(Beginning of Information provided)

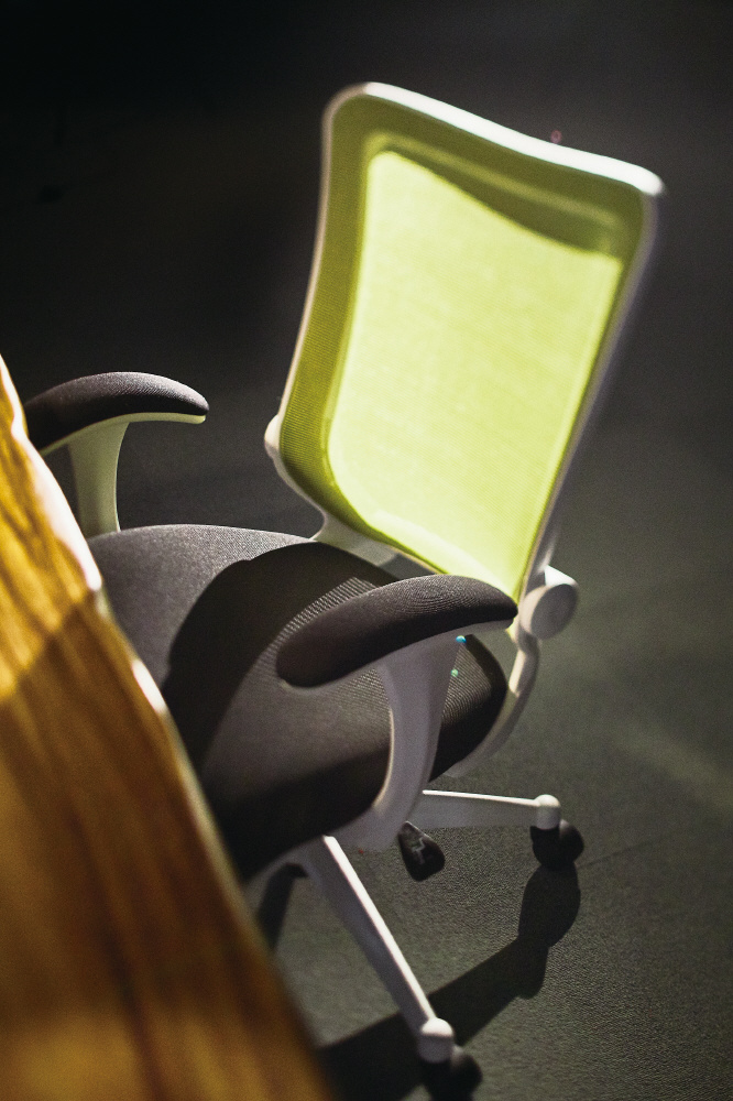 肘掛け付き(クッション有り)/ゆったりとオフィスワークをする際に活躍する肘掛けが付いたオフィスチェア。肘が当たる部分には、肘当たりの良いクッション付き。
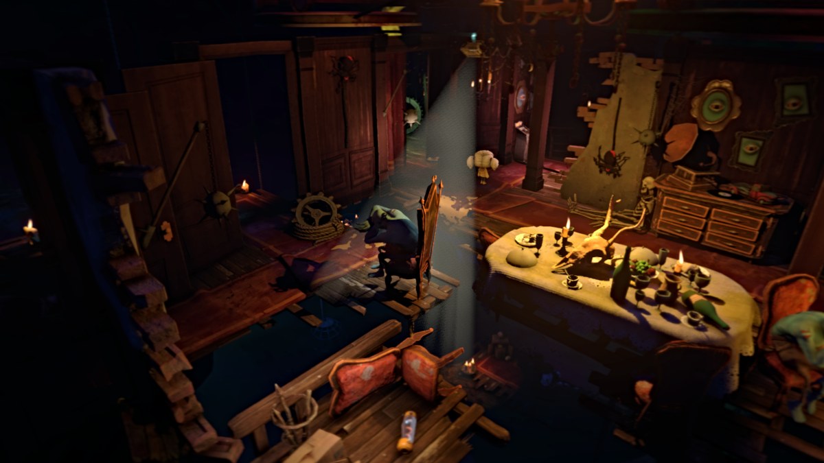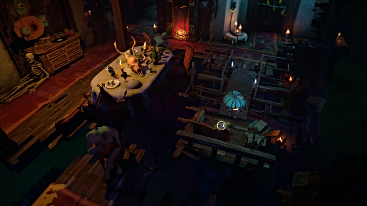 Ладно, я спрыгнул в эту дыру и приземлился в чём-то вроде столовой. Дядя Нены здесь, и он явно что-то замышляет, разговаривая с двумя другими мужчинами. Мне нужно быть предельно осторожным и избегать его поля зрения. План таков: подползти под стол и добраться до другой стороны комнаты незамеченным!
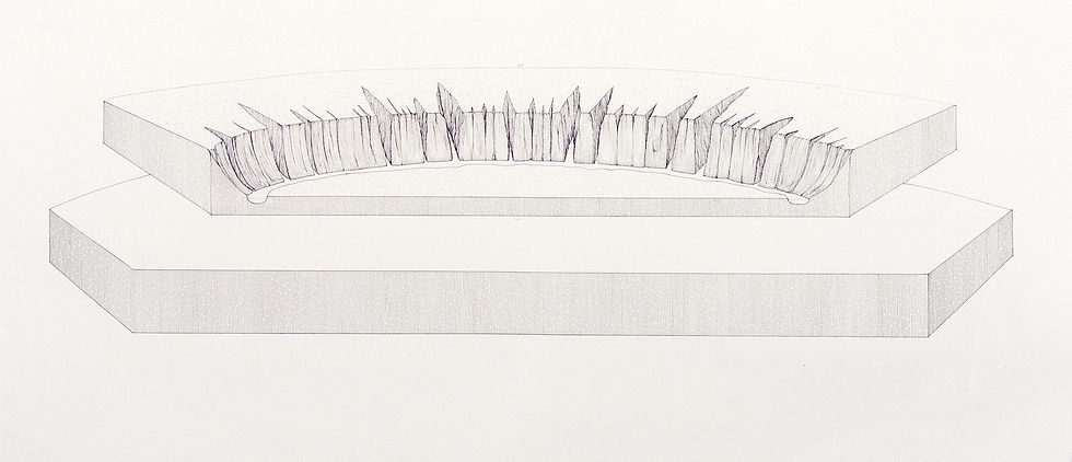 The drawing depicts a landscape stripped bare of its subjective qualities, a viewpoint resembling that of Caspar David Friedrich’s Romantic painting Wanderer above the sea of fog. Friedrich’s Romanticism was also objective in nature, “intensively contemplative, focused inwardly by melancholy, but created through a strict formalism”. By using a strict, formal, and objective language, the drawing invites the viewer into that "subjective void" of the haiku. It asks to be completed by their own sensations, aiming for what Francis Bacon described as the goal of all art: "...a thing to be as factual as possible and at the same time as deeply suggestive or deeply unlocking of areas of sensation..." .
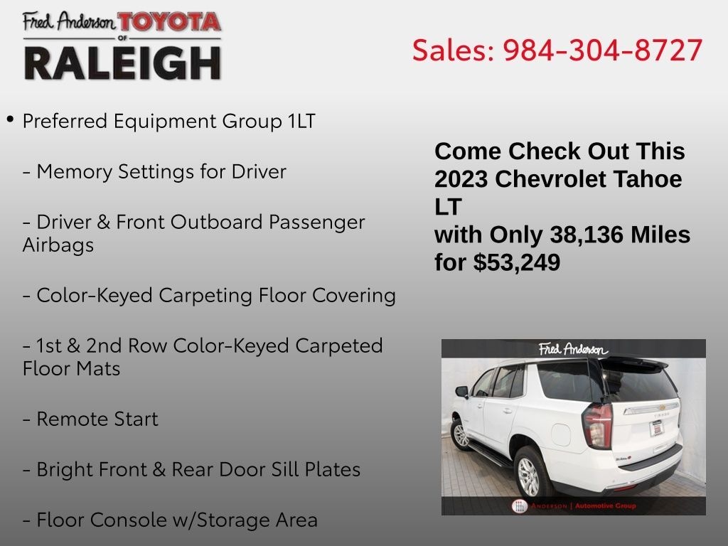 CARFAX One-Owner. *Full Family Plan* INCLUDES OIL CHANGES FOR LIFE!, Still Under Factory Powertrain Warranty!!, Only One Prior Owner!!, Alloy wheels / Premium Wheels, Bluetooth, Hands-Free, Leather Seats, 3rd Row Seats, Local Trade, Star Safety System with Active Breaking Technologies, Keyless Entry, Keyless Start, Backup Camera, Sunroof / Panoramic Roof, Trailer Hitch, We will buy your car and pay top dollar for it, even if you don't buy ours!!, USB Port, 4WD, Jet Black w/Leather-Appointed Seat Trim, 1st & 2nd Row Color-Keyed Carpeted Floor Mats, Auto-Dimming Inside Rear-View Mirror, Bose 9-Speaker Stereo Audio System Feature, Bright Front & Rear Door Sill Plates, Color-Keyed Carpeting Floor Covering, Driver & Front Outboard Passenger Airbags, Enhanced Driver Information Center, Floor Console w/Storage Area, Hands-Free Rear Power Programmable Liftgate, Infotainment Display, LED Daytime Running Lamps, Memory Settings for Driver, Preferred Equipment Group 1LT, Remote Start, SiriusXM Radio w/360L, Universal Home Remote, Wireless Charging, Wrapped Steering Wheel. Odometer is 14915 miles below market average! Check out all these great options Preferred Equipment Group 1LT (1st & 2nd Row Color-Keyed Carpeted Floor Mats, Auto-Dimming Inside Rear-View Mirror, Bose 9-Speaker Stereo Audio System Feature, Bright Front & Rear Door Sill Plates, Color-Keyed Carpeting Floor Covering, Driver & Front Outboard Passenger Airbags, Enhanced Driver Information Center, Floor Console w/Storage Area, Hands-Free Rear Power Programmable Liftgate, Infotainment Display, LED Daytime Running Lamps, Memory Settings for Driver, Remote Start, SiriusXM Radio w/360L, Universal Home Remote, Wireless Charging, and Wrapped Steering Wheel), 4WD, Jet Black w/Leather-Appointed Seat Trim, 10-Way Power Driver & Passenger Seat Adjusters, 2nd Row Manual Bucket Seats, 3.23 Rear Axle Ratio, 3rd row seats: split-bench, 4-Wheel Disc Brakes, 9 Speakers, ABS brakes, Air Conditioning, Alloy wheels, AM/FM radio: SiriusXM with 360L, Apple CarPlay/Android Auto, Auto High-beam Headlights, Auto-dimming Rear-View mirror, Automatic temperature control, Brake assist, Bumpers: body-color, Compass, Delay-off headlights, Driver door bin, Driver vanity mirror, Dual front impact airbags, Dual front side impact airbags, Dual-Pane Power Panoramic Sunroof, Electronic Stability Control, Emergency communication system: OnStar and Chevrolet connected services capable, Four wheel independent suspension, Front anti-roll bar, Front Bucket Seats, Front Center Armrest, Front dual zone A/C, Front High-Back Reclining Bucket Seats, Front reading lights, Fully automatic headlights, Garage door transmitter, Heated door mirrors, Heated Driver & Front Passenger Seats, Heated front seats, Illuminated entry, Leather-Appointed Seat Trim, Low tire pressure warning, Memory seat, Navigation System, Occupant sensing airbag, Outside temperature display, Overhead airbag, Overhead console, Panic alarm, Passenger door bin, Passenger vanity mirror, Power door mirrors, Power driver seat, Power Liftgate, Power passenger seat, Power steering, Power windows, Premium audio system: Chevrolet Infotainment 3 Premium, Premium Smooth Ride Suspension, Radio: Chevrolet Infotainment 3 Premium System, Rain sensing wipers, Rear air conditioning, Rear anti-roll bar, Rear reading lights, Rear seat center armrest, Rear window defroster, Rear window wiper, Remote keyless entry, Roof rack: rails only, Security system, Speed control, Speed-sensing steering, Split folding rear seat, Spoiler, Steering wheel mounted audio controls, Tachometer, Telescoping steering wheel, Tilt steering wheel, Traction control, Trip computer, Variably intermittent wipers, Voltmeter, and Wheels: 18" x 8.5" Bright Silver Painted AluminumStop by and test drive today. Let us show you how affordable we can make it. Remember, we always give you more for your trade and we will buy your vehicle even if you don't buy one from us. See online @ www.FredAndersonToyota.com o
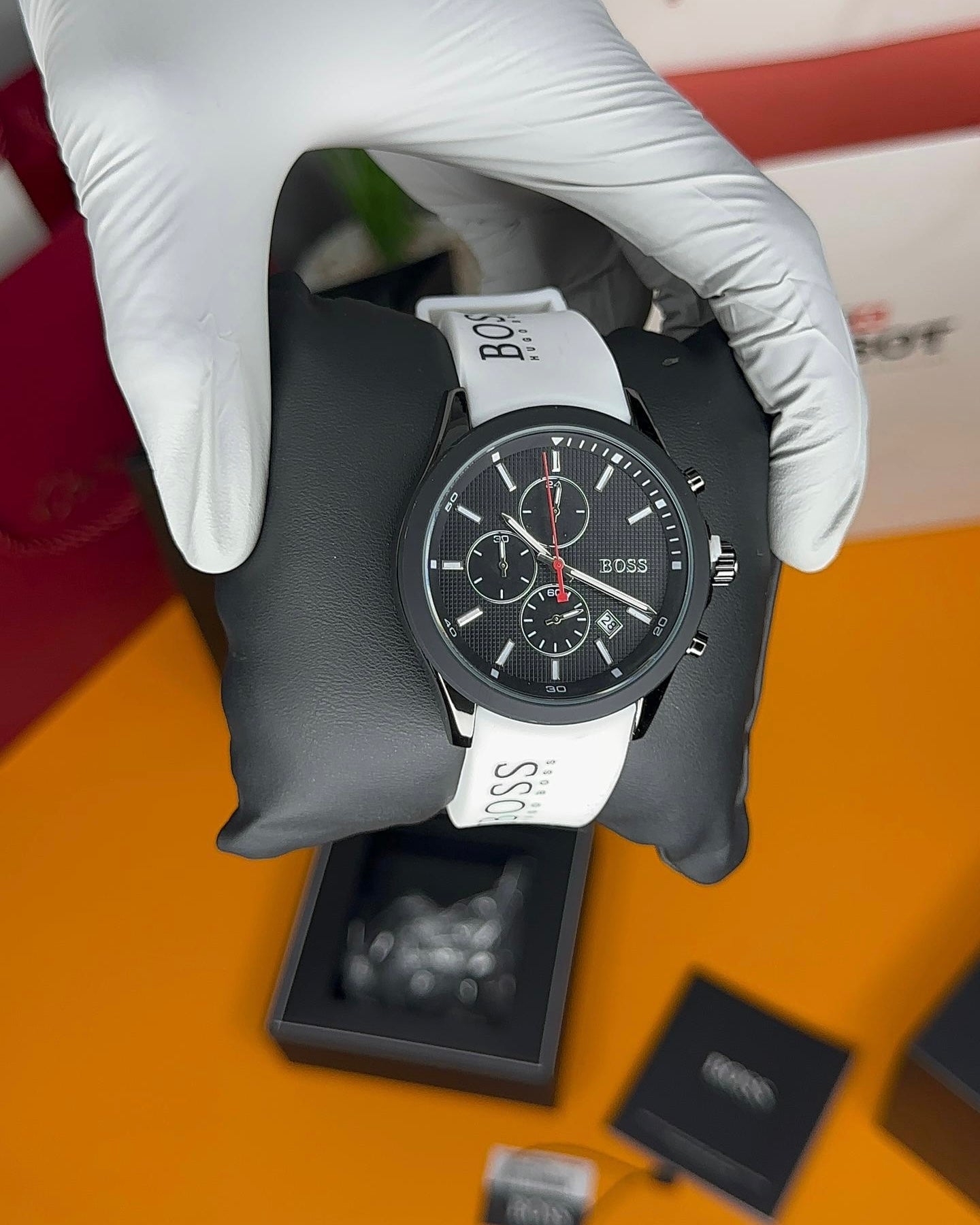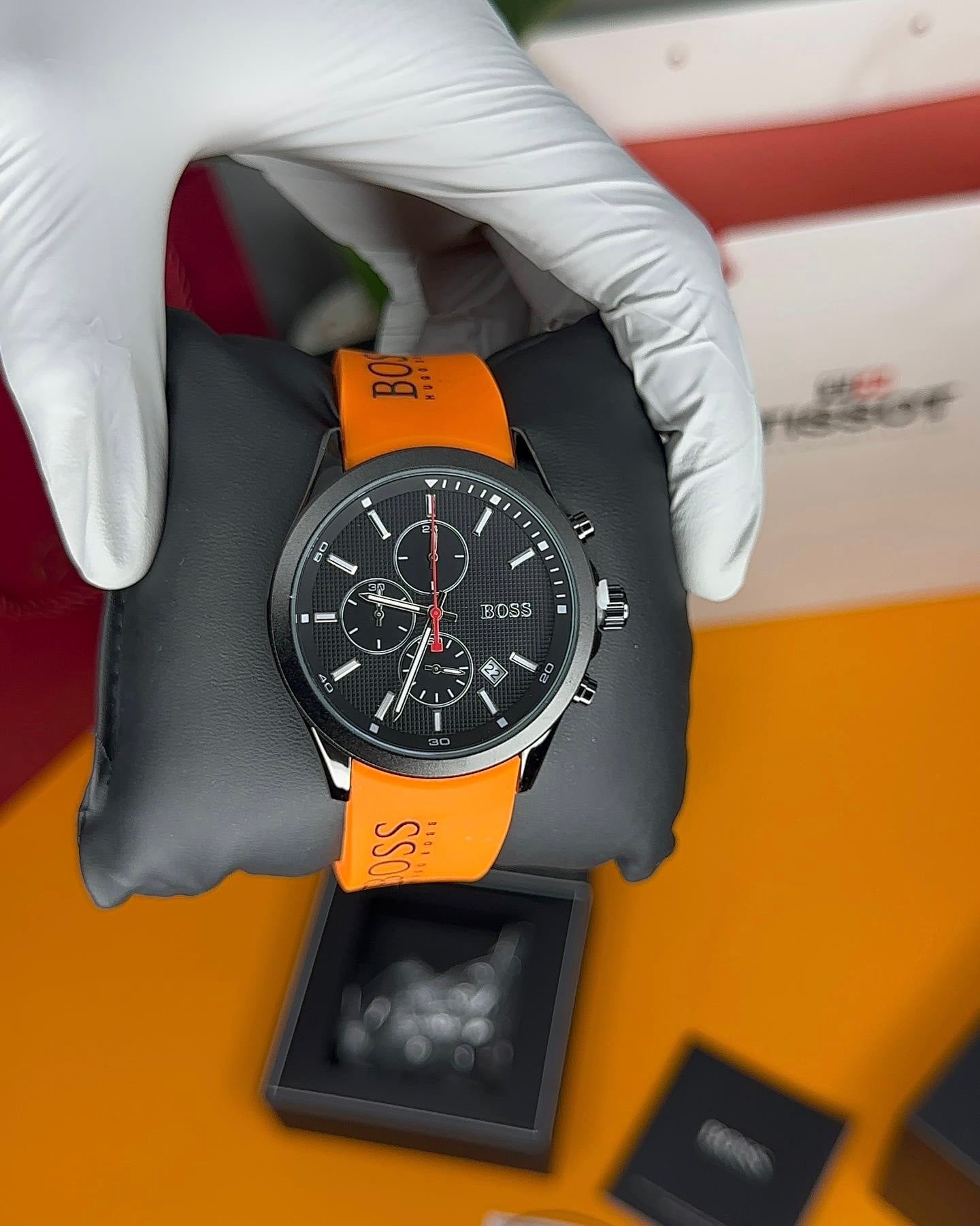 - Bracelet : Silicone noir avec logo BOSS gravé

(End of Information provided)

Instructions to follow:
Only the lines above from the one containing "Ладно, я спрыгнул" through the one containing "The drawing depicts" should be returned, verbatim and inclusive, with pictures excluded.

Output of the exercise:
 Ладно, я спрыгнул в эту дыру и приземлился в чём-то вроде столовой. Дядя Нены здесь, и он явно что-то замышляет, разговаривая с двумя другими мужчинами. Мне нужно быть предельно осторожным и избегать его поля зрения. План таков: подползти под стол и добраться до другой стороны комнаты незамеченным!
 The drawing depicts a landscape stripped bare of its subjective qualities, a viewpoint resembling that of Caspar David Friedrich’s Romantic painting Wanderer above the sea of fog. Friedrich’s Romanticism was also objective in nature, “intensively contemplative, focused inwardly by melancholy, but created through a strict formalism”. By using a strict, formal, and objective language, the drawing invites the viewer into that "subjective void" of the haiku. It asks to be completed by their own sensations, aiming for what Francis Bacon described as the goal of all art: "...a thing to be as factual as possible and at the same time as deeply suggestive or deeply unlocking of areas of sensation..." .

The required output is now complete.